They started laying out their money, then. I could hear coins slapping down on the counter, and the rustle of paper money as Brodie told them I was something they couldn't afford to miss.

She was the first one in. She gave her ticket to the high school kid we hired and came around the canvas screen and stopped in front of me. She was tall, with red hair and green eyes. She was real pretty, with long legs and pale skin. She looked at me deadpan, looking me all over. I guess I was doing the same thing to her, but maybe not so deadpan. She was something to look at, all right. Made me feel all shaky inside.

I stopped looking at her then, and did a fast count. It was a good tip for the first day of the show. Maybe 35, 40 people. Brodie stopped his pitch and came in too. He looked over the tip fast, like he was lookin' for somebody. When he saw the girl, he grinned a little and nodded at me, and I began my talk.

When it was over, they started to drift out, some of them shaking their heads, all but the girl. She stood right where she was, still lookin' at me.

Brodie was giving her the once-over and I knew what he was thinkin'. I didn't blame him. Bein' fat didn't slow down my own thinkin' none either.

"You from around here?" Brodie asked her.

"The Dixie Darlings, the girlie show down the midway. Only I'm not from Dixie."

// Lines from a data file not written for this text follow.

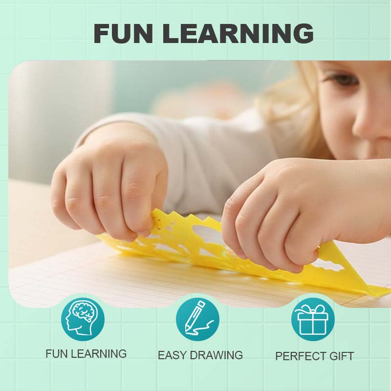 HELPPO PIIRTÄMINEN: Näiden helppokäyttöisten sapluunoiden avulla lapset voivat vaivattomasti luoda erilaisia kuvioita ja hahmoja. Sileät reunat takaavat turvallisen käsittelyn ja täydellisten muotojen piirtämisen joka kerta.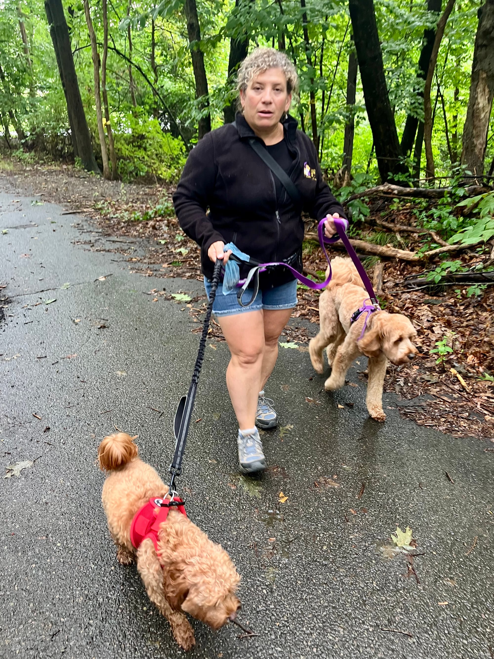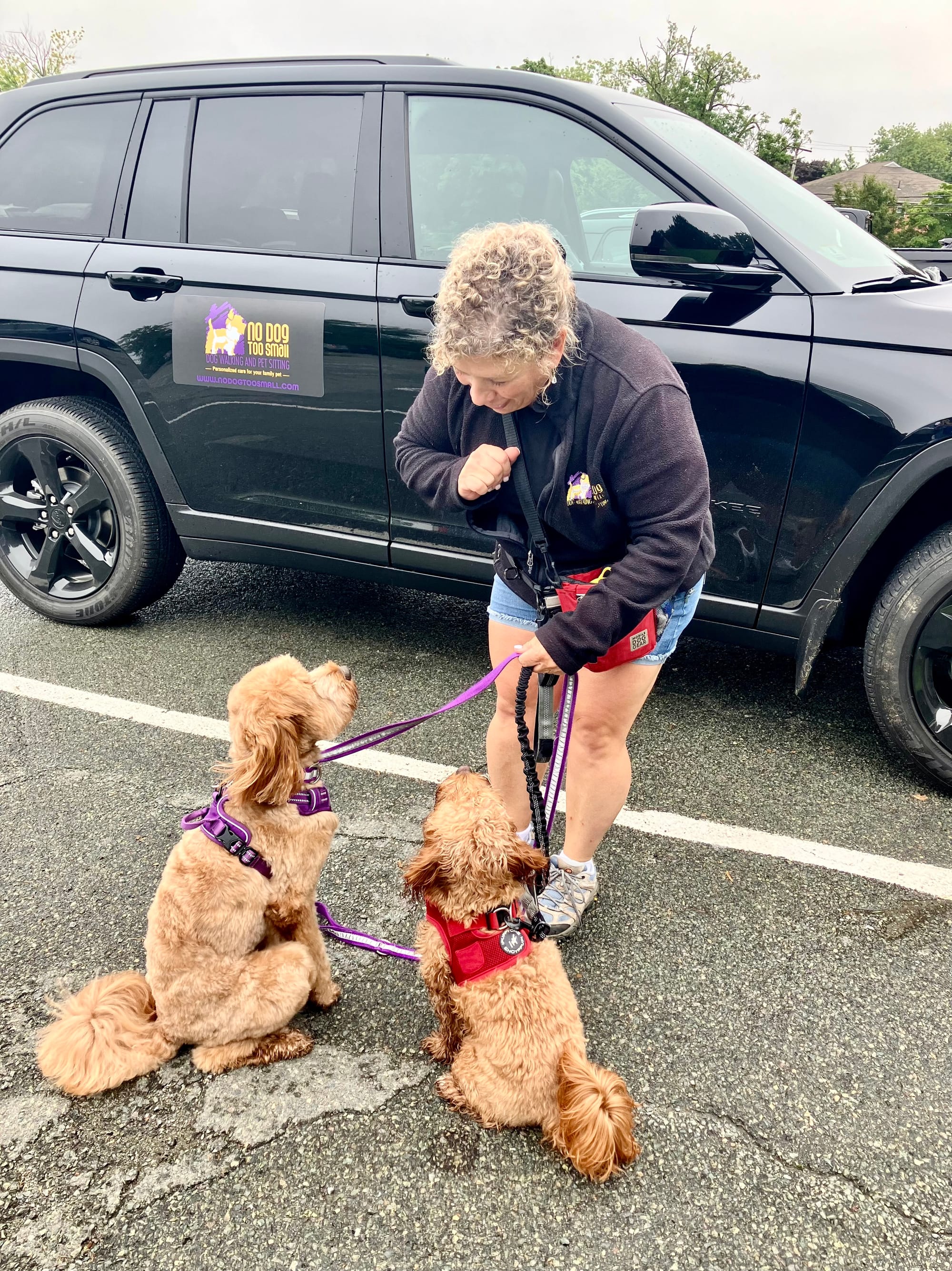 She also offers a walk and train program, which is what she was doing with Jesse and Cooper on that rainy Friday.
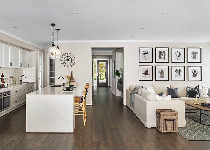 اتاق نشیمن که در پشت خانه برای آرامش بیشتر قرار دارد، یک پناهگاه دنج و جداگانه برای استراحت و گذراندن وقت با خانواده فراهم میکند. تکمیل طرحبندی عملی، یک گاراژ دو ماشین راحت در سمت راست ملک قرار دارد.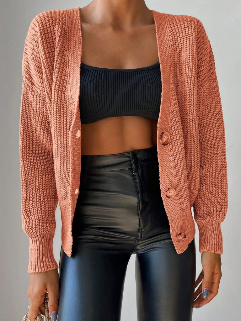 Kadın Uzun Kollu Düğme Detay Triko Bluz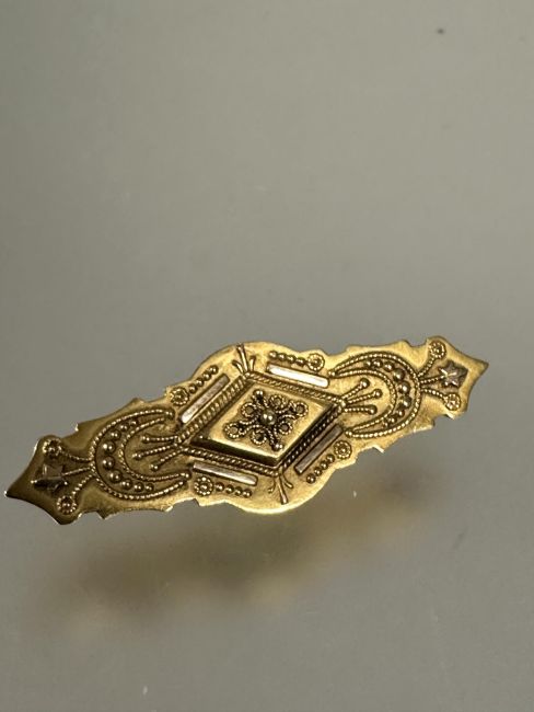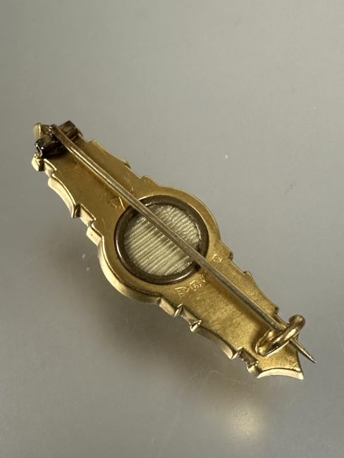 A Victorian 15ct gold bar brooch with beaded and rope pattern border and glazed panel verso no signs of hard solder or repairs verso L x 4cm 1.95g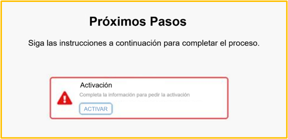 Después de que todas las pruebas necesarias y los requisitos hayan sido aprobados, el botón de ACTIVAR estará disponible.
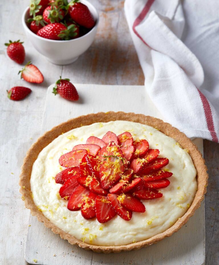 - Στολίζουμε με τις φράουλες, σκορπίζουμε το ξύσμα λεμονιού και σερβίρουμε την τάρτα φράουλας με κρέμα βανίλιας.

Brodie laughed. "You a dancer?"
She shrugged and it was a nice thing to watch. "They call it that."

"This is Earl Dawes, and I'm Jake Brodie. Call me Brodie," he said. The girl just nodded, and Brodie grinned at her. "What's your name?"


We all kind of just waited then, until Brodie said "Well, you saw our show; we'll come see yours. Earl here don't get around much, or he'd come along."

"You won't like it," Sylvia said.

"Can't be that bad-- if the others look like you," Brodie said, looking her up and down. She smiled a little then, and she was really gorgeous.

She left then, and Brodie said "She ain't too happy with that Dixie Dollies outfit, huh?"
"Darlin'... uh... Dixie Darlin's, is what..."
"What'd you think about using her in the act, Earl?"

I was pretty surprised. "A girl? What'd we use her for?"

"She'd be a good draw for us. She could get up on the platform with me, help to draw a crowd. I might even let her help you in the act a little. A shape like that babe's got on her, she'd bring 'em in all right."

I saw he wasn't kiddin'. I was sort of uneasy about gettin' someone else though. It'd always been just me and Brodie. "Maybe she won't wanna come," I said.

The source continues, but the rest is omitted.